GLENDALE, Calif. — A data breach at Glendale Obstetrics & Gynecology has exposed patients’ protected health information, including medical records and personal identifiers, according to cybersecurity analysts and regulatory filings. The incident, discovered last week, potentially affects thousands of current and former patients.
The clinic notified federal regulators of the breach under HIPAA requirements, though the exact number of compromised records remains unclear. Sources familiar with the investigation say hackers accessed a patient portal database containing names, addresses, insurance details, and clinical notes. “This is exactly the type of sensitive data that commands premium prices on dark web markets,” said a cybersecurity expert at a major threat intelligence firm who requested anonymity due to ongoing investigations.

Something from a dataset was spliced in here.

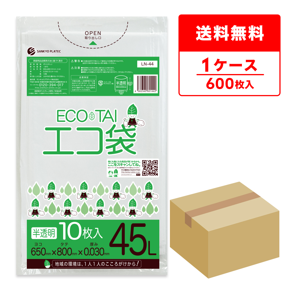 ゴミ袋 45L 半透明 65x80cm 0.030mm厚 10枚x60冊 LN-44 サンキョウプラテック
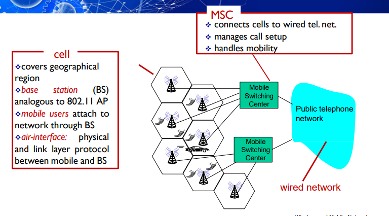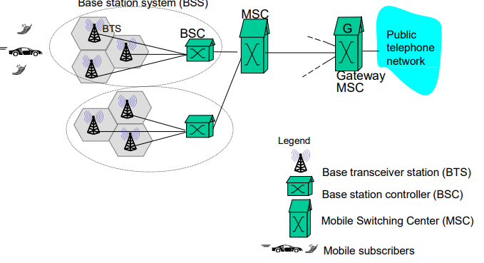 - Mobile Switching Center (MSC): Pusat dari beberapa BS. Bertugas mengelola pengaturan panggilan, menghubungkan jaringan seluler ke jaringan telepon kabel publik (PSTN), dan menangani handoff (perpindahan pengguna dari satu sel ke sel lain).

Healthcare data breaches have surged 45% year-over-year according to HHS Office for Civil Rights statistics. Glendale OB-GYN’s website currently displays a banner acknowledging “recent IT security issues” and directing patients to a dedicated call center. The practice has not confirmed whether ransomware was involved, though analysts note the breach follows the MOVEit vulnerability pattern affecting hundreds of healthcare providers this year.
Legal experts predict regulatory penalties could exceed $1.2 million if investigators determine inadequate security measures were in place. California’s privacy laws allow individual lawsuits for medical data exposure, potentially creating a class-action liability. “This breach illustrates why healthcare remains hackers’ top target,” said a Department of Health and Human Services spokesperson. “Medical records contain immutable identifiers that fuel identity theft for years.”